PROBLEM DETAILS> A verbatim copy is needed of the lines below from the one containing "2月18日(木)、積雪のある" up to and including the one containing "In the Nitrotel", excluding pictures.

RECORDS>
######
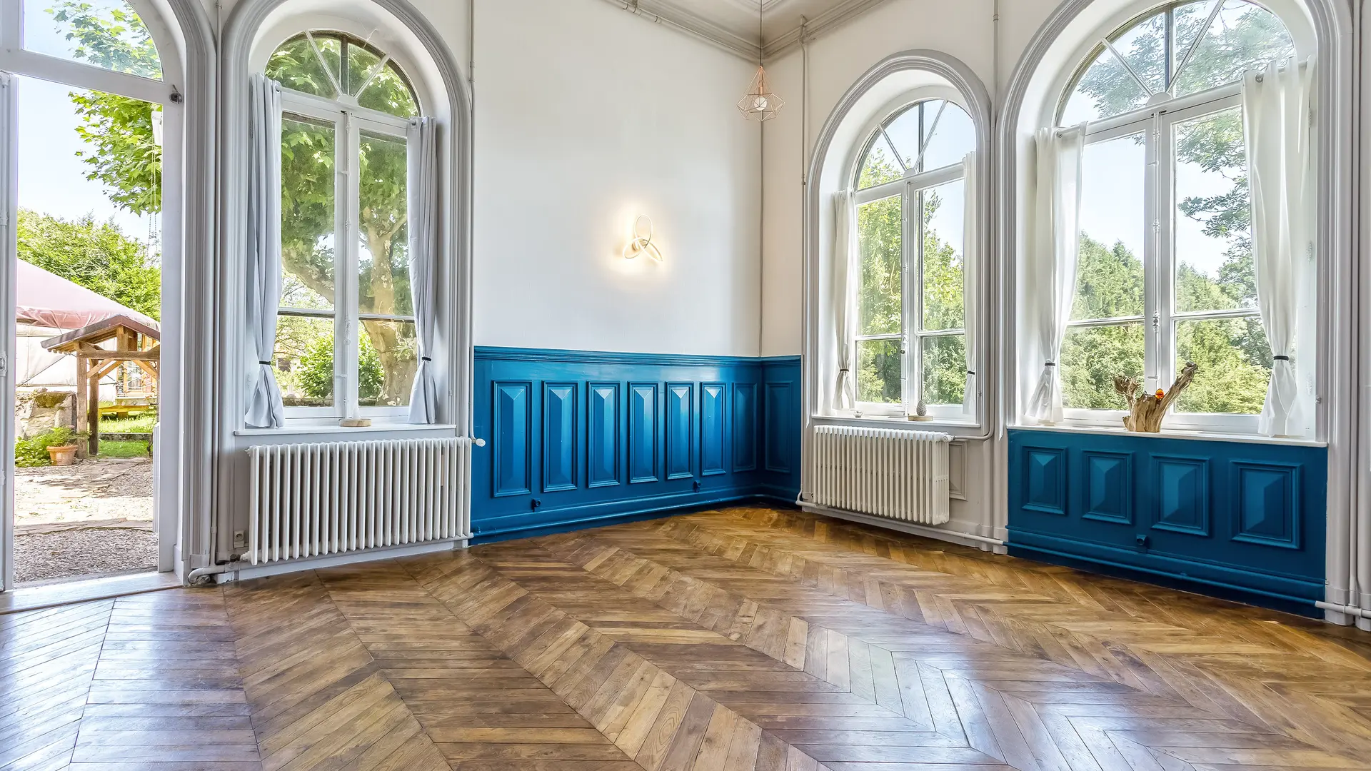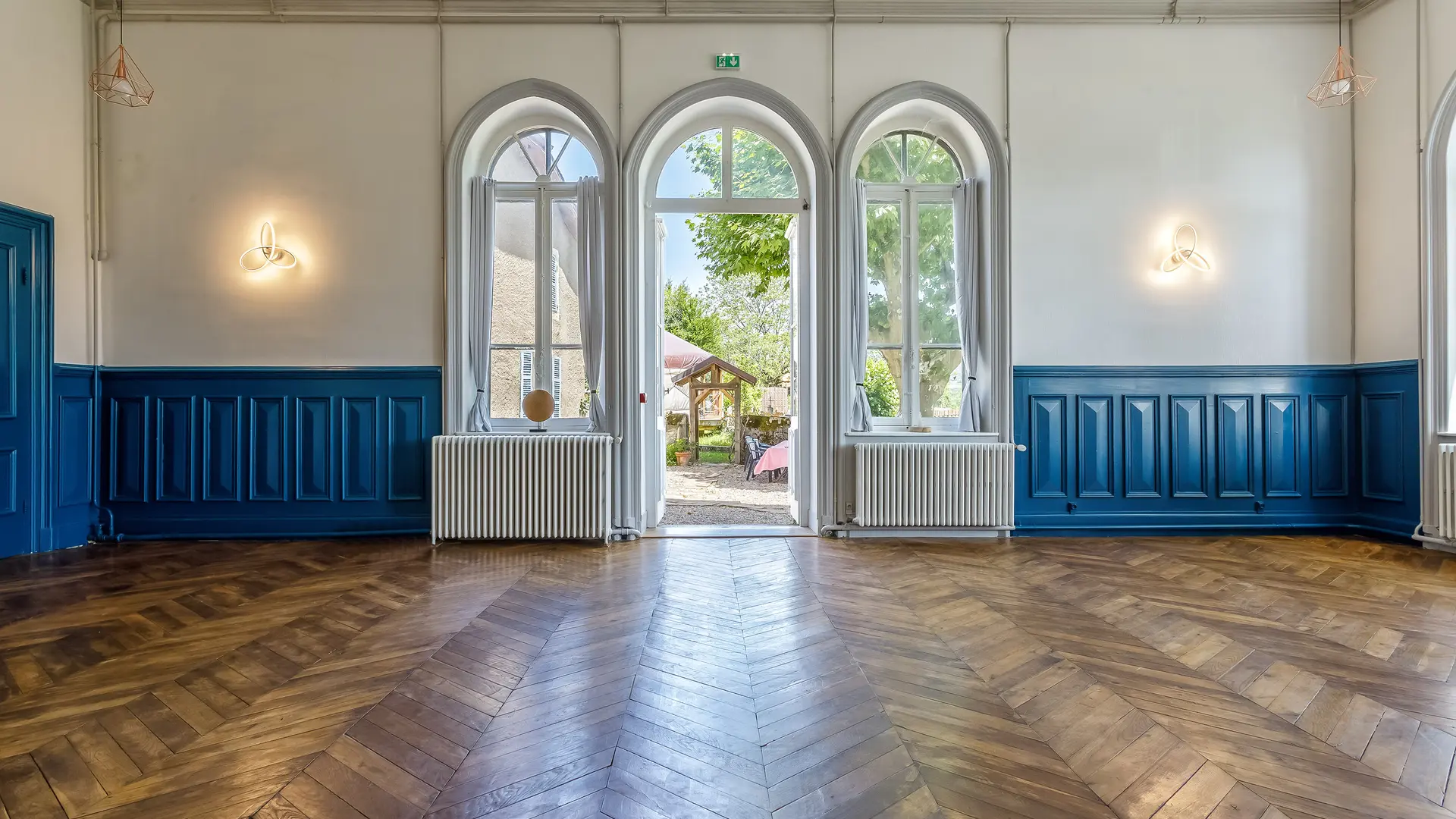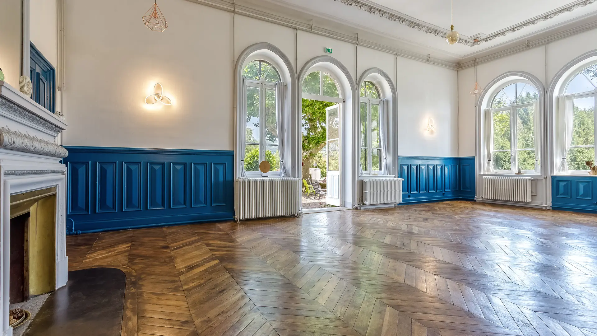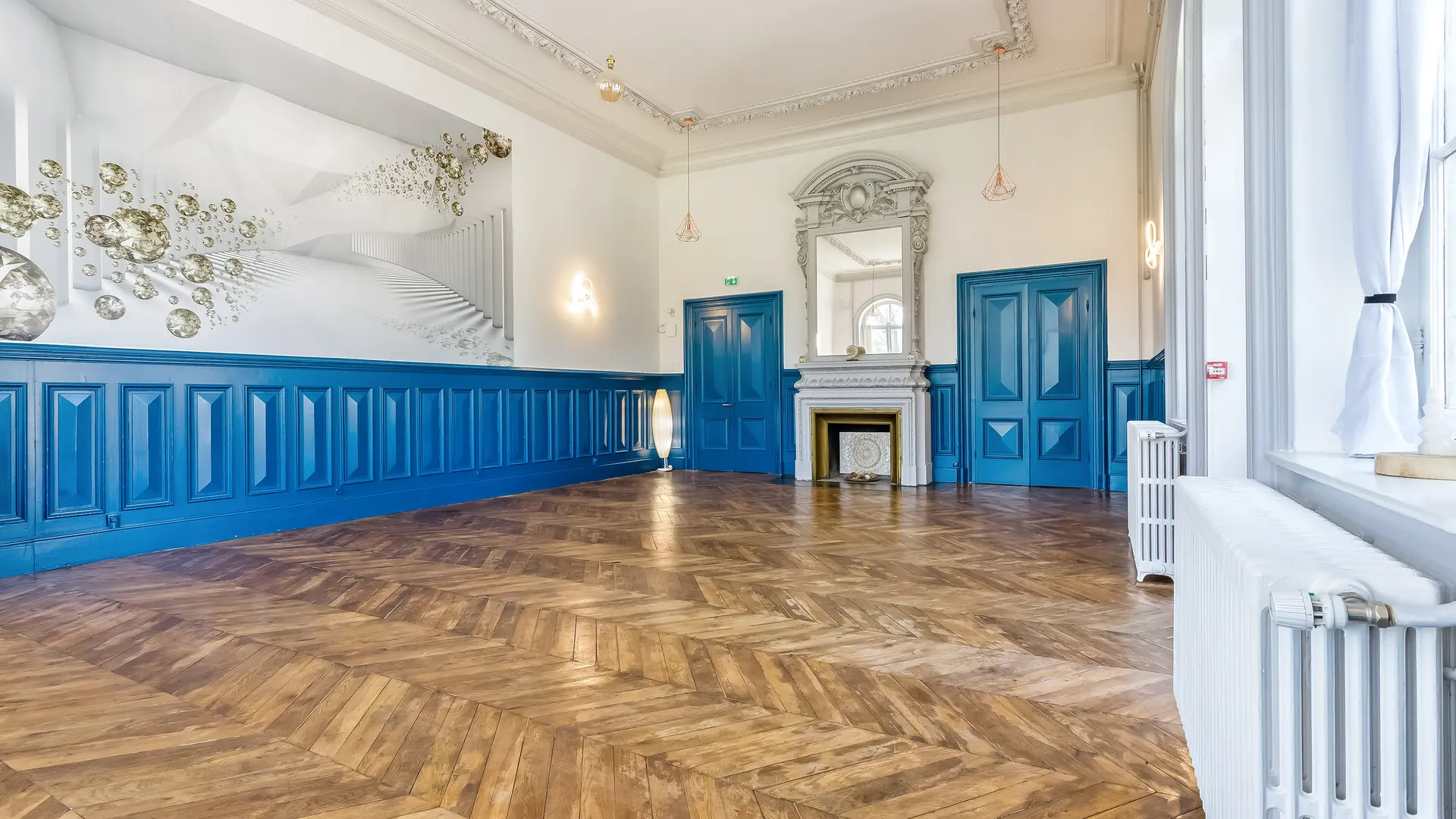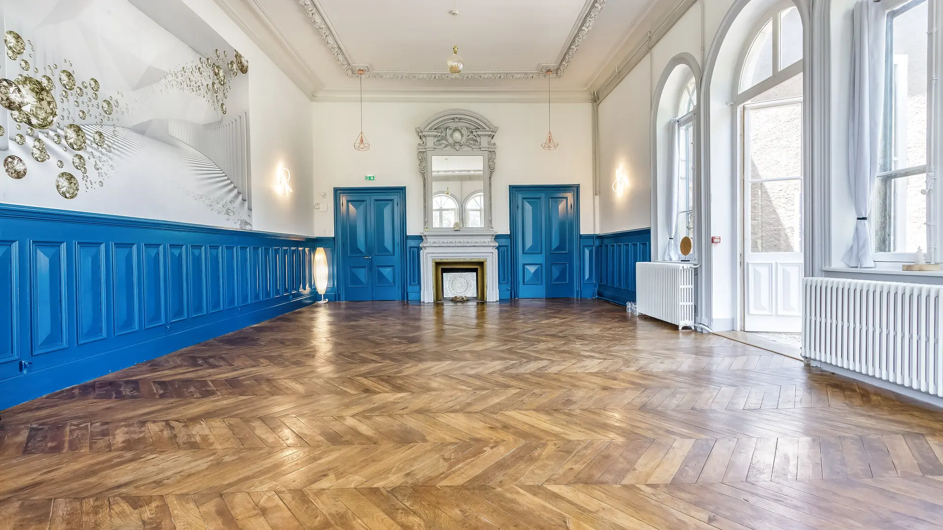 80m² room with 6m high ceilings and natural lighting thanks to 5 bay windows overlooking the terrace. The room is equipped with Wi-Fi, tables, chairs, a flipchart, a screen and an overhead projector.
######
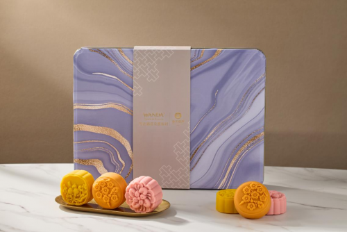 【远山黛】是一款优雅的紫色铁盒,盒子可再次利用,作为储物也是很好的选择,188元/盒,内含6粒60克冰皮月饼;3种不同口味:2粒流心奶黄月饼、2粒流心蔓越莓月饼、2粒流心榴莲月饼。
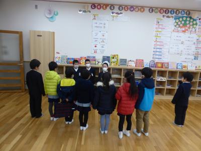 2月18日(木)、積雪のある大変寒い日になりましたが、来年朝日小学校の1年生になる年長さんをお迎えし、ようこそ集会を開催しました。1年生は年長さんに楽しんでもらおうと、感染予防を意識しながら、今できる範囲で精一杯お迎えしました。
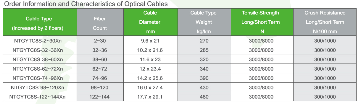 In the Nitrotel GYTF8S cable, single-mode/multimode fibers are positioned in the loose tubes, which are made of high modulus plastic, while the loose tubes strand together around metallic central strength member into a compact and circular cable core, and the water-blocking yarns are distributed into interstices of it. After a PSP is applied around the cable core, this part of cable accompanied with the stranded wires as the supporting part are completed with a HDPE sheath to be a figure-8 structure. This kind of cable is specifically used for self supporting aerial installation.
######
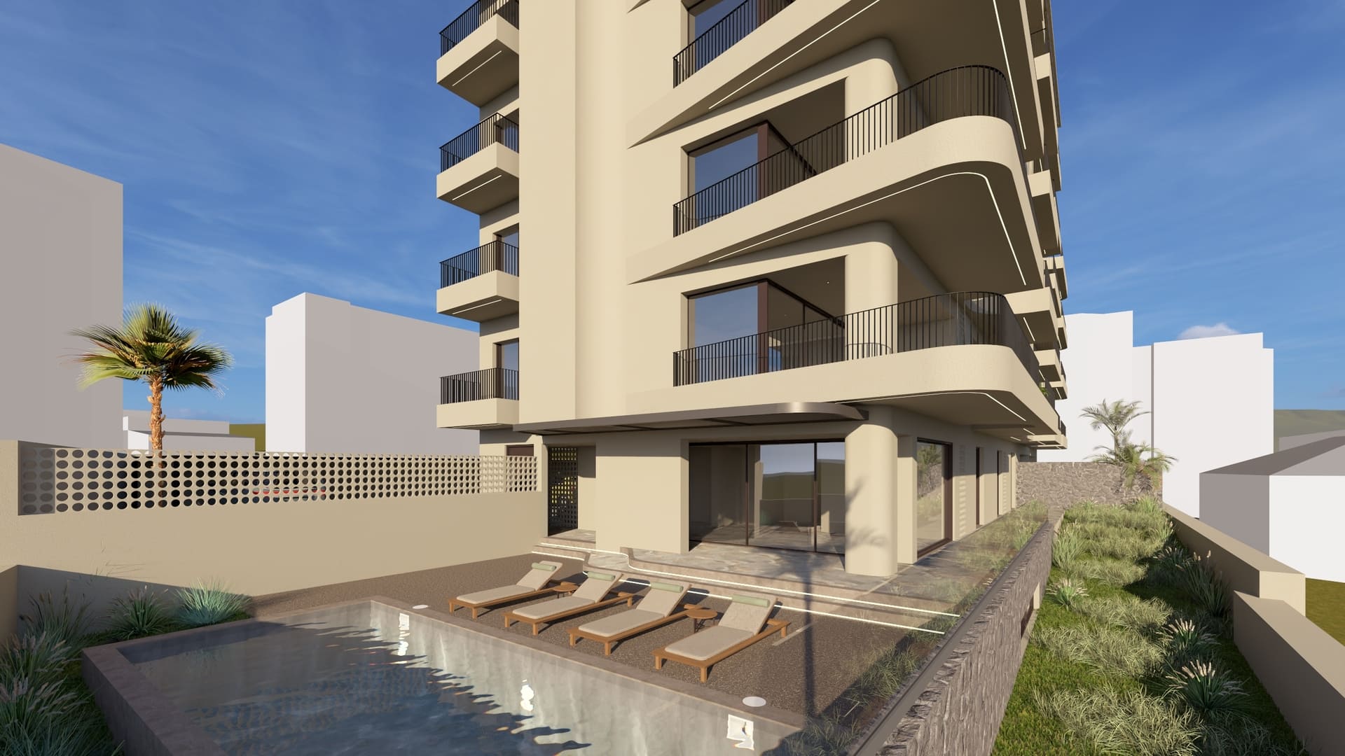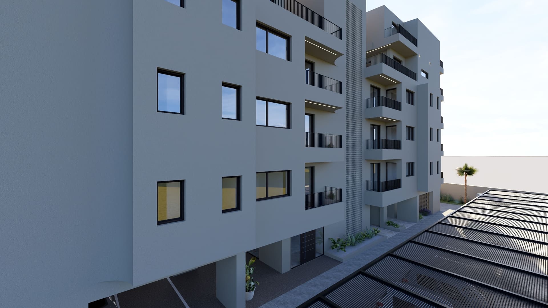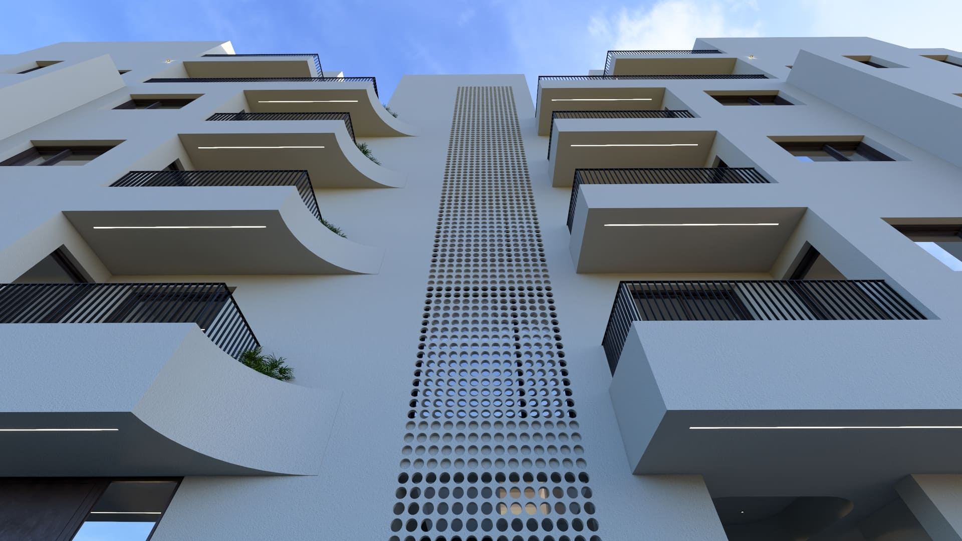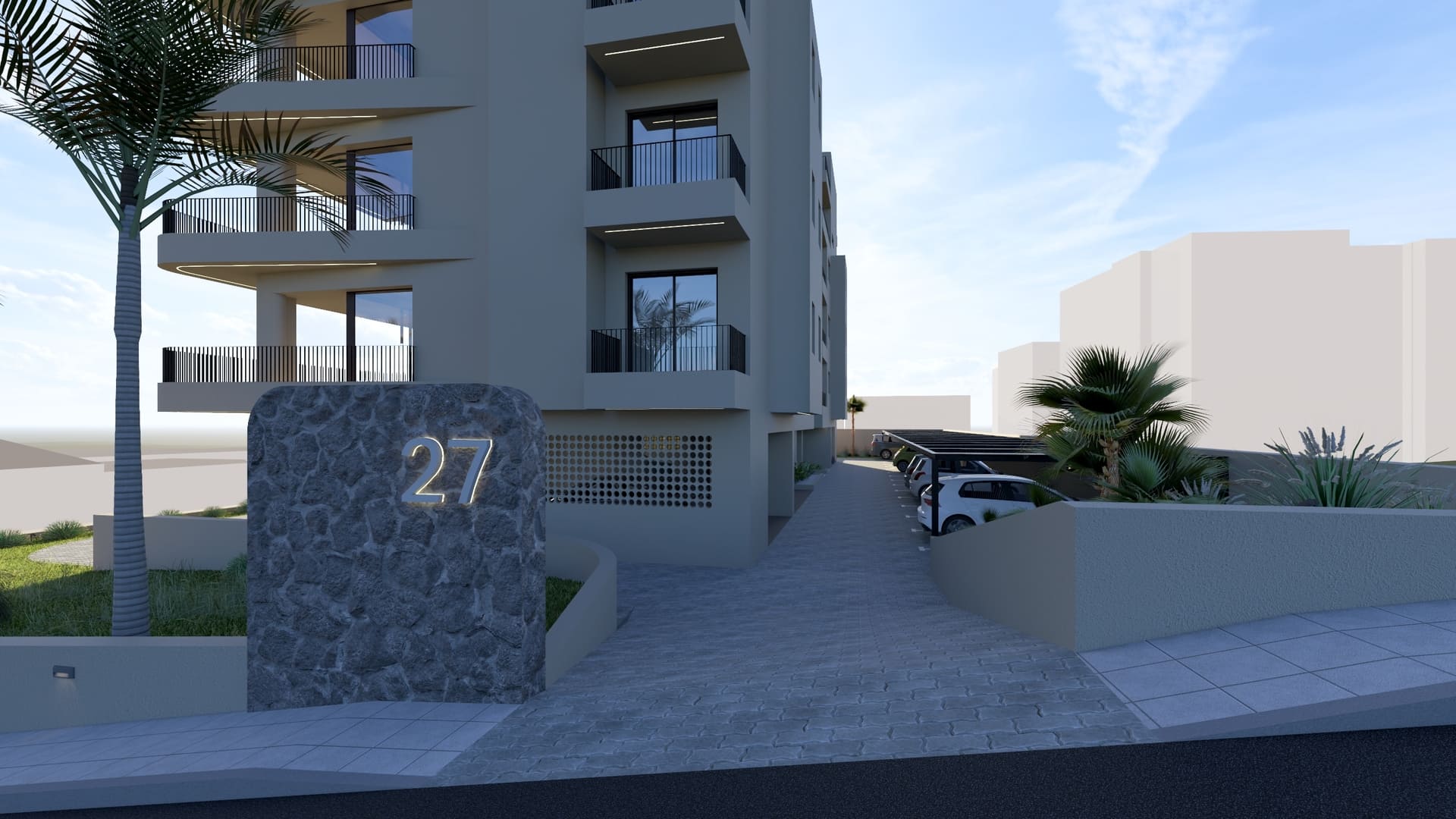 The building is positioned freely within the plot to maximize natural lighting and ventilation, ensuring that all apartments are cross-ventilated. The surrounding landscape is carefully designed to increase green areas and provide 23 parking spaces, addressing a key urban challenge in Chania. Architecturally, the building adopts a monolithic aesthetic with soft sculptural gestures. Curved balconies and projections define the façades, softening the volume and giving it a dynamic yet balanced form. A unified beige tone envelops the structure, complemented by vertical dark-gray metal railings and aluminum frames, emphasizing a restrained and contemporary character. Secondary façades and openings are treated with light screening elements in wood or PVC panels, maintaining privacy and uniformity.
######
OUTPUT BELOW>
 2月18日(木)、積雪のある大変寒い日になりましたが、来年朝日小学校の1年生になる年長さんをお迎えし、ようこそ集会を開催しました。1年生は年長さんに楽しんでもらおうと、感染予防を意識しながら、今できる範囲で精一杯お迎えしました。
 In the Nitrotel GYTF8S cable, single-mode/multimode fibers are positioned in the loose tubes, which are made of high modulus plastic, while the loose tubes strand together around metallic central strength member into a compact and circular cable core, and the water-blocking yarns are distributed into interstices of it. After a PSP is applied around the cable core, this part of cable accompanied with the stranded wires as the supporting part are completed with a HDPE sheath to be a figure-8 structure. This kind of cable is specifically used for self supporting aerial installation.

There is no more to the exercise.